I was not raised in a family that drank, so drinking to me has always been an occasional social thing. I’ve never been a been drinker, and when I married my husband four years ago, I knew he was a recovered alcoholic (seven years sober) but I believed it was behind him. In January he lost his job (I’m sure he was drunk at work a few times) and that’s when I discovered he had started drinking again. After five long months, he got another job, but he’s miserable. He drinks because he’s depressed, he’s depressed because he drinks and because he hates his job. He’s gained weight, which makes him hate himself more, which makes him more depressed! It’s a vicious cycle and yet I feel helpless. I am SO INCREDIBLY SAD and I don’t know how to help him or myself. He says he wants to get better, but doesn’t take the steps to do so.

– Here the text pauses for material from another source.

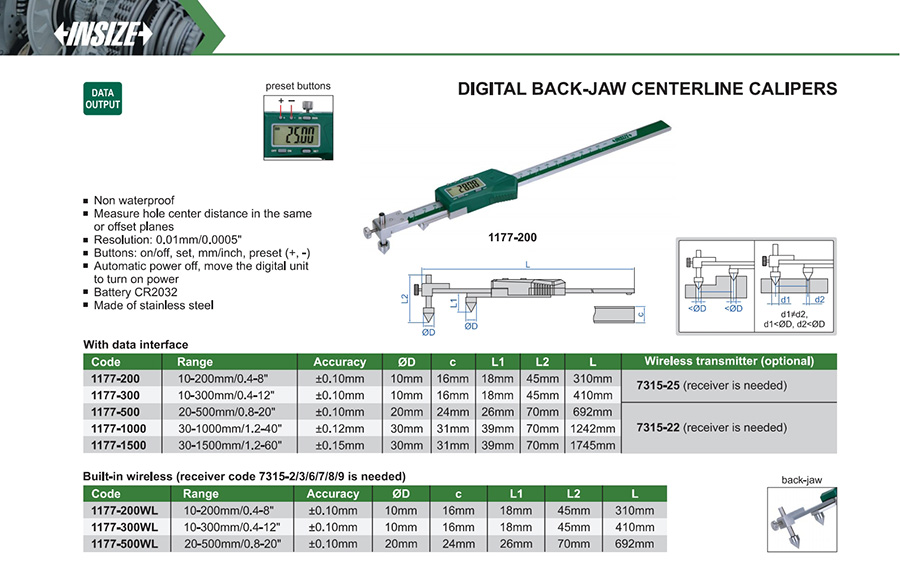 1177-200WL 10-200mm/0.4-8" ±0.10mm 0.01mm/0.0005" built-in wireless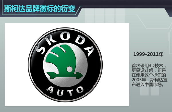 1999—2011:首次采用3D设计,显得更加立体和具有设计感。正是在使用这一品牌标识的2005年,斯柯达汽车正式开启了中国之路。

I REALLY DON’T KNOW WHAT TO DO!! I feel so helpless watching a man I love, an amazing man (when he’s sober), do this to himself, to me, and to our marriage.

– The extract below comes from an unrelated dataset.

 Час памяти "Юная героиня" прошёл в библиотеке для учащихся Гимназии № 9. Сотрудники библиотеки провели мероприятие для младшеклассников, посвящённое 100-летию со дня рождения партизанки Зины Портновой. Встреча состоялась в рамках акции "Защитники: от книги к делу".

|Posted by: NyToFlorida September 7, 2019, 8:40 PM|
|Hello curveball, sorry you are here at this website. It is a shock, lonely and helpless feeling. I am exhausted from dealing with my son for the past few years. Believing lies and hoping for a better outcome. My son is jail for the past 4 months. It has taken me that long to gain lost weight back and to feel relaxed in my own home.
About 6 months ago I left our home bc I was loosing weight rapidly and was consumed by fear most of the time. As the stress of our son’s life in addiction was getting worse, my husband (his dad) began drinking more. Went from 1-2 beers a week to 2-3 beers a night. We have never been drinkers at all. He also gained weight and we didn’t realize how much bloating was caused by the alcohol until he stopped drinking nightly. When I left we were both able to relax, since we were not engaging each other in conversation about our son 24 / 7.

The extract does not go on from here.